Flemingia grahamiana is a species of flowering plant in the family Fabaceae. Extracts of the plant are used in the dyeing of silk and cotton in parts of India, Africa, and the Middle East.

== Description ==
An erect herb or subshrub, Flemingia grahamiana can grow up to 1.8 m tall but commonly shorter, it is much branched, deeply rooted and sometimes tuberous. Leaves appear digitately trifoliate with stipules and petioles present; leaflets are elliptic to lanceolate in outline, up to 13 cm long and 7 cm wide. Inflorescence is an axillary raceme, corolla is yellowish white to pink in color, calyx is tubular and up to 1.5 cm long. Fruit is an inflated oblong pod, 2 seeded and covered with a red or orange viscous exude.
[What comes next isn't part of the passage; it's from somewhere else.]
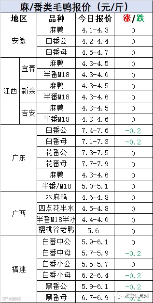 明日麻鸭苗报价稳定,半番鸭苗稳定。
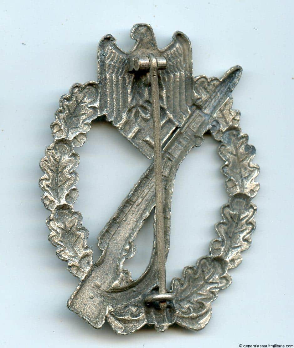 Infantry assault badge in silver – Friedrich Linden, Lüdenscheid. Hollow zinc construction with small block hinge setup and directly soldered catch. Remains in very good unworn condition with nearly all of the silver plating present and some zink bubbling showing throughout the front. Well preserved FLL, most of the time found without much of the finish showing.

== Distribution and habitat ==
Occurs in India, parts of South Asia, in particular, Laos, Myanmar, Vietnam, Yemen and also occurs in East Africa southwards to South Africa. Found on hill slopes, termite mounds and in open and wooded savannah in Africa.

== Chemistry ==
Chalcone and flemingin A have been isolated from the leaves of the species, also isolated from the roots were isoflavones and prenylated flavanones.

== Uses ==
Flemingia grahamiana is used in various countries for ethnomedical purposes, in parts of India leaves are used as a purgative, while in parts of Malawi and Zimbabwe root extracts are used as a decoction to treat diarrhea and dysentery . Exudates from the pod is used in the dyeing of silk and sometimes cotton.